**Provided records:**

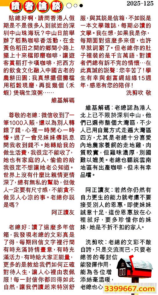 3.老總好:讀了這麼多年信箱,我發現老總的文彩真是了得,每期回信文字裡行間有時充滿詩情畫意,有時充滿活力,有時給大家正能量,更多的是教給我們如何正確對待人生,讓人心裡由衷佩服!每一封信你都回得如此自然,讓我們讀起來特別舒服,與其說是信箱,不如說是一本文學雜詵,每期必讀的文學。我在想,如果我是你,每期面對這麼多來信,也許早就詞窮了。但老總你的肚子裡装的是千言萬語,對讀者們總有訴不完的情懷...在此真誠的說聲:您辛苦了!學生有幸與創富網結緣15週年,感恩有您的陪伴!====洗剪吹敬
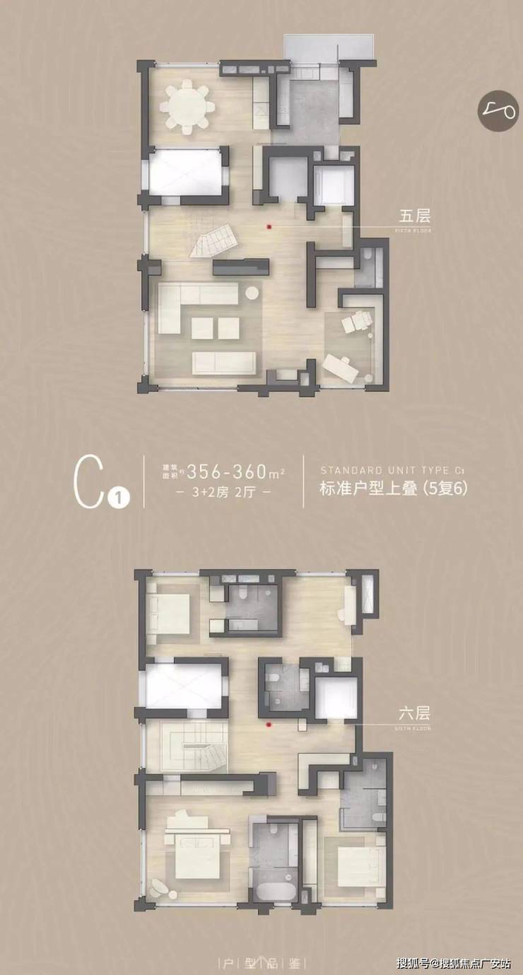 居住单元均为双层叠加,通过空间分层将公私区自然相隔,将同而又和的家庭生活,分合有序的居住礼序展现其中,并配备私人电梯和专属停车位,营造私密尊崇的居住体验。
--
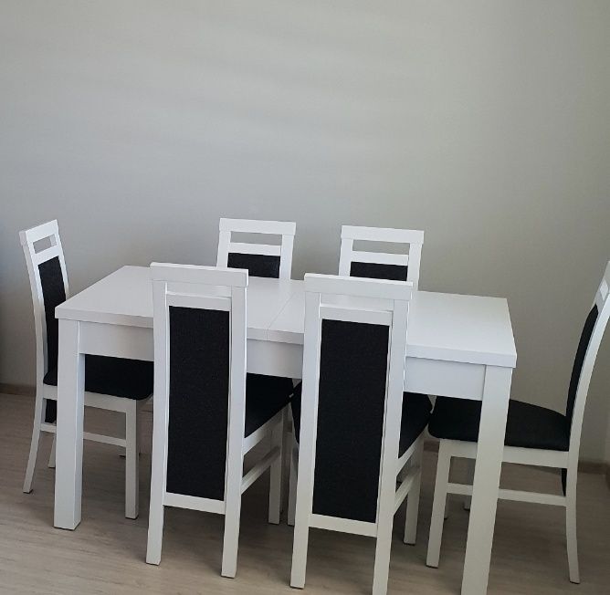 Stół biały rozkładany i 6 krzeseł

**Brief:** The answer must be the part of the records that opens with the line containing "3.老總好:讀了這麼多年信箱" and closes with the line containing "居住单元均为双层叠加,通过空", reproduced exactly, with no pictures.

**Result of this task:**
 3.老總好:讀了這麼多年信箱,我發現老總的文彩真是了得,每期回信文字裡行間有時充滿詩情畫意,有時充滿活力,有時給大家正能量,更多的是教給我們如何正確對待人生,讓人心裡由衷佩服!每一封信你都回得如此自然,讓我們讀起來特別舒服,與其說是信箱,不如說是一本文學雜詵,每期必讀的文學。我在想,如果我是你,每期面對這麼多來信,也許早就詞窮了。但老總你的肚子裡装的是千言萬語,對讀者們總有訴不完的情懷...在此真誠的說聲:您辛苦了!學生有幸與創富網結緣15週年,感恩有您的陪伴!====洗剪吹敬
 居住单元均为双层叠加,通过空间分层将公私区自然相隔,将同而又和的家庭生活,分合有序的居住礼序展现其中,并配备私人电梯和专属停车位,营造私密尊崇的居住体验。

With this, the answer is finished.